My CPU(MOTHERBOARD) shutdowns automatically when I'm switching on the CPU... my friends says it resets the power.... when the ATX 12v connector(which is came from SMPS FAN) is not connected with the mother board it did not power off if i connect means the problem begins ... help me....
Here i attached some model photos....


----------



## Tyree (May 10, 2009)

If the PC powers on when the 4-pin CPU power connector is "not" plugged in, that indicates a PSU problem.
PC Specs?
Pre- Built Brand & Model Number
Custom Built- Brand & Model of Mobo-CPU-RAM-Graphics-PSU.


----------



## gitabai (Nov 15, 2012)

thanks tyree for your reply...

i tried another my friend's PSU(SMPS) in my machine same problem occur

CPU: AMD athlon 64 
OS: windows XP
RAM: 1GB 
MOTHERBOARD:GIGABYTE 
MOTHERBOARD MODEL NO: GA-K8VM800M
PSU: MERCURY 
PSU MODEL NO: MEF8450 
450W


----------



## Wrench97 (May 10, 2008)

The 4 pin ATX connector is the CPU Power Connector, if you are saying the fans start and run when it's not plugged in? Then that is normal as the CPU has no power to control them.

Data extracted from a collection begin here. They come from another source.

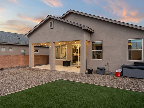 Excellent opportunity in Mountain Hawk Estates! The spacious and open floor plan, seamlessly connects the main living spaces for easy flow. High ceilings add a sense of spaciousness for the four well-appointed bedrooms and two bathrooms. The chef's kitchen is designed with efficiency in mind. Open kitchen to living area concept makes for a perfect hosting area for social gatherings or simply keeping an eye on activities while preparing meals. Enhanced with a large granite island, stainless steel appliances, and a gas cooktop. The exterior provides a generous yard with ample space for outdoor activities. Featuring synthetic turf, and full landscaping in the front and back. Easy access to ABQ, Santa Fe, 550 and I-25. The home will not last long - Schedule your showing before it is gone!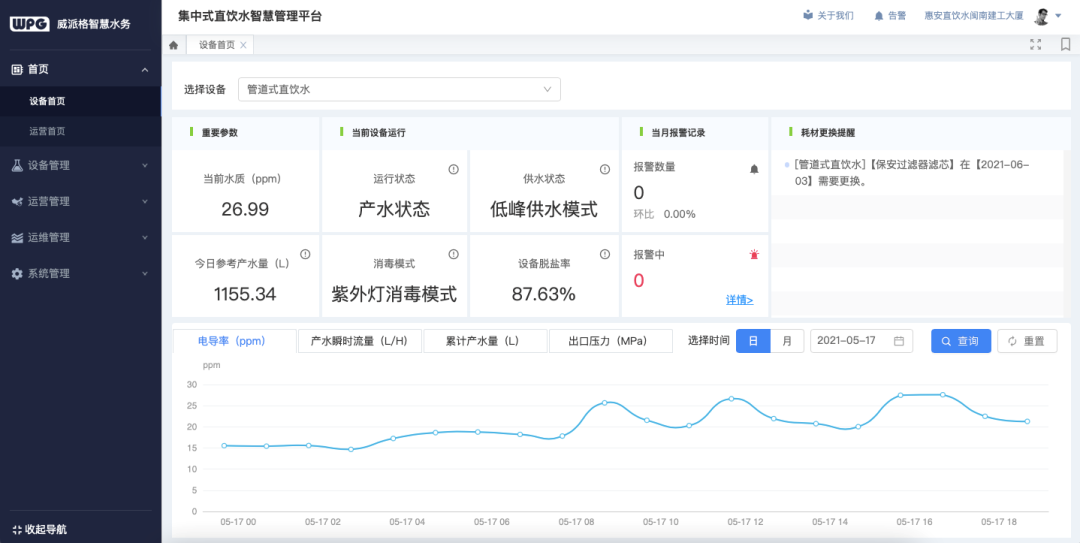 不同于常見的單一設備,威派格直飲水設備集水質(zhì)監(jiān)測、運維管理、遠程監(jiān)控及各部件、耗材的全生命周期管理為一體。威派格提供完善的售后服務運維體系,針對設備原理、操作安全以及日常維護,提供專業(yè)的技術(shù)人員進行培訓,確保出水水質(zhì)長期穩(wěn)定,保證入口的每一滴水都合格健康,同時讓物業(yè)人員運維管理更加高效便捷。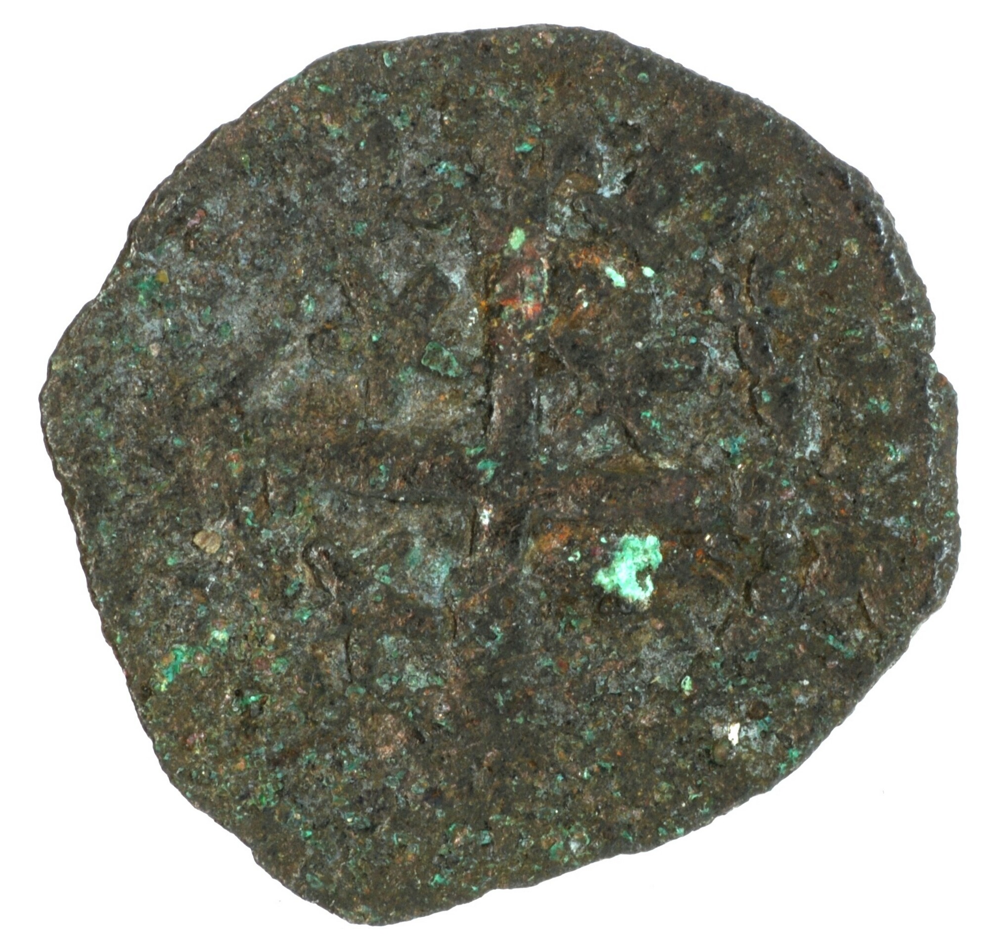 Farthing; type II; Schotland; James III (1460-1488); vz.: drie lelies binnen driepas en parelcirkel; kz.: lang kruis met gebloemd uiteinde met ruitersporen in de kwadranten binnen parelcirkel, met omschrift MO / NE / P[A / VP]; muntplaats: Edinburgh; gewicht: 0.45 gram; uiterst zeldzaam; referentie: Seaby / Purvey 5313

Is the heat sink tight to the CPU?
Have you tried clearing the CMOS using the jumper on the motherboard?


----------



## gitabai (Nov 15, 2012)

thanks Wrench97...
ya tried that but it not useful ....


----------



## gitabai (Nov 15, 2012)

any other chance to reset the bios....


----------



## dannpp2012 (Aug 5, 2012)

Yeah there is, unplug the power from the back of the tower and then remove the cmos battery for 5 to 10 minutes and then reinsert it. After you put the battery back in and plug the power cord back in turn on the pc, all bios setting will be wipped out so you will need to redo the settings.


----------



## Wrench97 (May 10, 2008)

Removing the battery and using the jumper do the same thing, reset the bios to defaults and clear any detected hardware settings.

Have a look at the capacitors for any signs of domed tops leakage or missing cans.
> Badcaps.net - How To Identify




.


----------